Federal Reserve Vice Chair Lael Brainard noted Thursday that recent reports show high inflation in the United States is easing and suggested it was possible that price acceleration may cool without causing significant job losses.
Speaking in Chicago, Brainard sketched out a more optimistic outlook for inflation than some some Fed speakers have in recent days. “Inflation has declined in recent months from very high levels,” she said, noting a decline in energy prices since a surge last summer.

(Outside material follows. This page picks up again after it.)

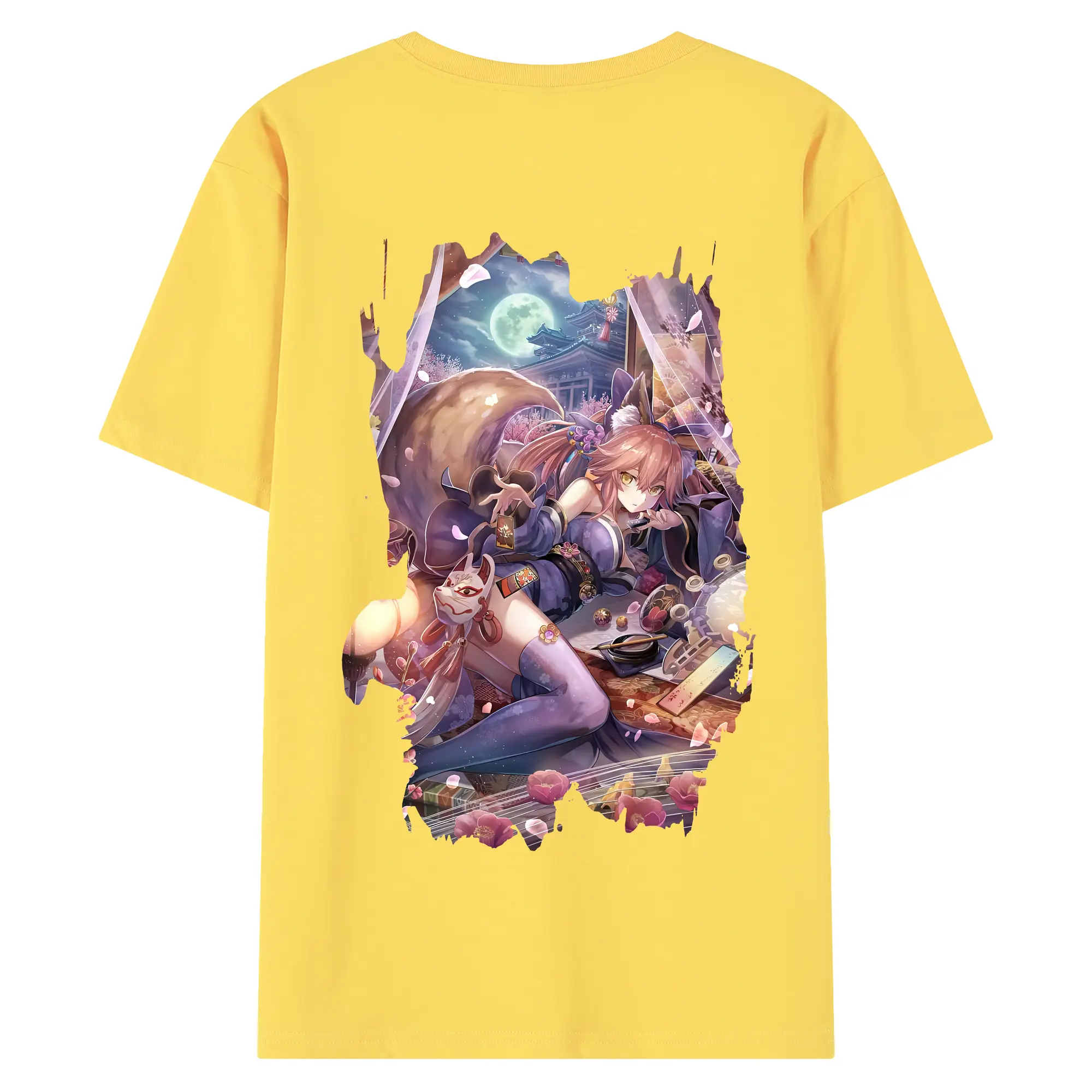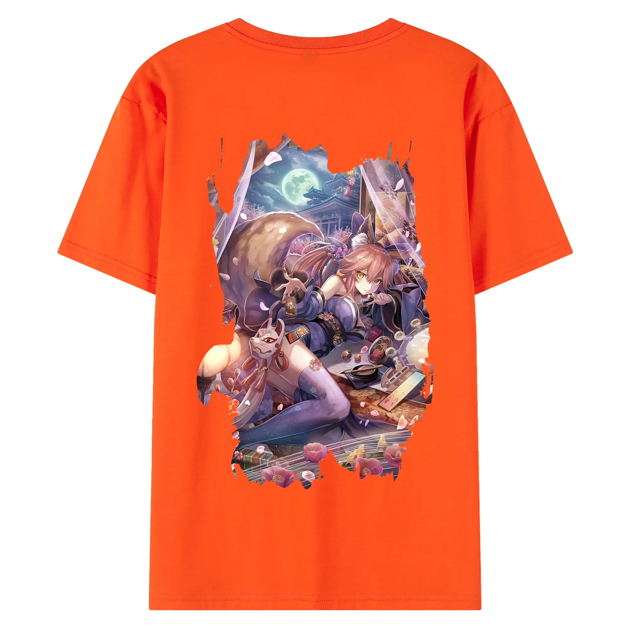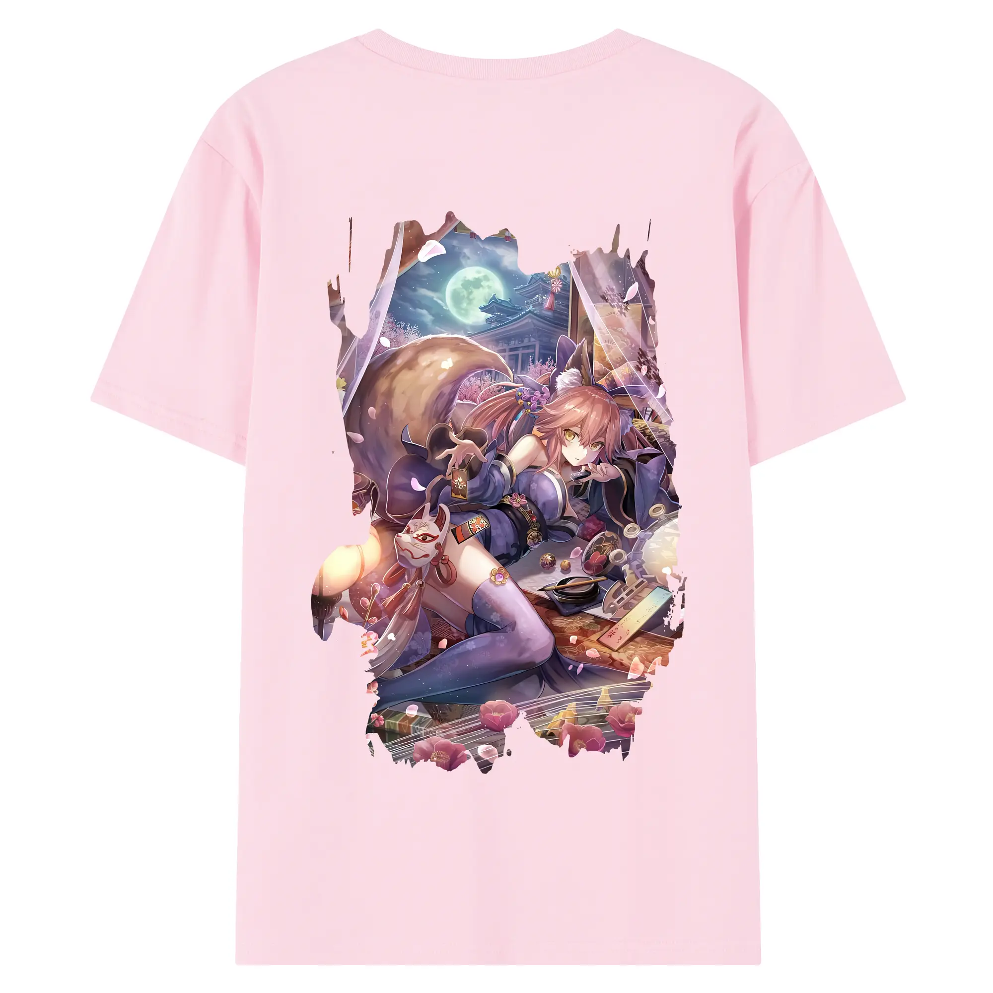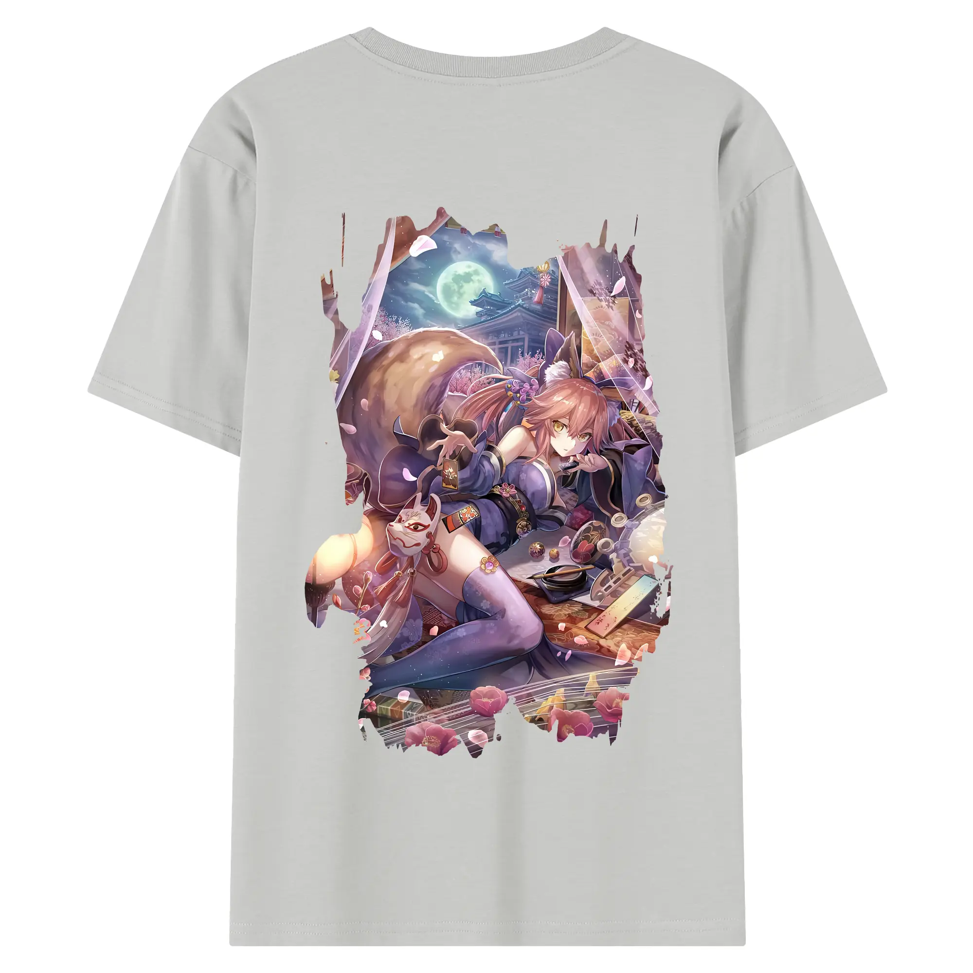 FGO グッズ,玉藻の前 - 綿100% ヴィンテージ風 半袖Tシャツ ・ 背面プリント ・ 柔らか肌触り ・ 通気性 快適 ・ スポーツ カジュアル 外出用

At the same time, Brainard cautioned that inflation is still high and said the Fed would have to keep interest rates elevated “for some time” to curb price growth. She did not explicitly signal whether she would support a quarter-point or half-point rate increase at the Fed’s next meeting Jan. 31-Feb. 1.
The Consumer Price Index rose, the Labor Department said last week — down sharply from 7.8% the previous month and the slowest annual rate of inflation since December of 2021.
Why inflation is easing
Even so, Brainard, an influential voice on policy who is close to Chair Jerome Powell, pointed to several trends that she said were likely to lower inflation in the coming months.
The cost of goods such as autos, furniture and clothes has declined, along with energy prices, she said. There are signs the job market is cooling, including a drop in the average workweek, which could signal smaller wage increases. Though higher pay is good for workers, it can fuel inflation if businesses charge more to offset their rising labor costs.
And Americans still generally expect inflation to decline in the coming years, Brainard noted. That’s an important measure because if people assume that prices will keep rising, they will alter their behavior by accelerating their purchases before prices rise further. They may also push for higher pay to offset rising costs, thereby worsening inflation.
Wage growth not driving inflation
Notably, Brainard pushed back on that rising worker wages during the pandemic are driving inflation. “It appears that workers in lower-wage sectors who saw high pandemic layoffs initially and benefited from job switching subsequently as businesses scrambled to hire have seen wage gains in real terms,” she said.
However, shed added, “the gains among lower-wage workers were more than offset by real wage declines among middle- and higher-wage workers in the context of a broader compression in the real wage distribution.”
All those factors, Brainard said, “may provide some reassurance that we are not currently experiencing a 1970s-style wage–price spiral.”
Fed officials are facing a set of increasingly difficult and high-risk decisions. After a series of big rate hikes last year, the central bank has raised its benchmark interest rate closer to the level that officials believe will finally tame inflation. That level is now the highest it has been in 15 years: 4.25% to 4.5%.
At the same time, the Fed’s key rate is also nearing levels that might turn out to be higher than needed to defeat high inflation — a miscalculation that would likely send the economy into a recession.
Signs of a slowdown
Numerous signs show that key areas of the economy are weakening. The housing market has been severely damaged by higher mortgage rates. This week, a report on retail sales showed that Americans pulled back on their spending last month, though some of the decline reflected lower prices for cars, gas, and other goods. Manufacturing output fell. And surveys of service companies and factories earlier this month pointed to shrinking production.
At the same time, other Fed officials this week have sounded a hard line on inflation and emphasized that they still support raising the central bank’s key rate above 5%. Some officials favor a full percentage point of additional rate increases.
“We’re not at 5% yet, we’re not above 5%, which I think is going to be needed given where my projections are for the economy,” Loretta Mester, president of the Federal Reserve Bank of Cleveland, said Tuesday in an interview with The Associated Press.
The combination of still-higher rates and gloomy economic data helped send financial markets sinking Wednesday, with smaller declines continuing Thursday.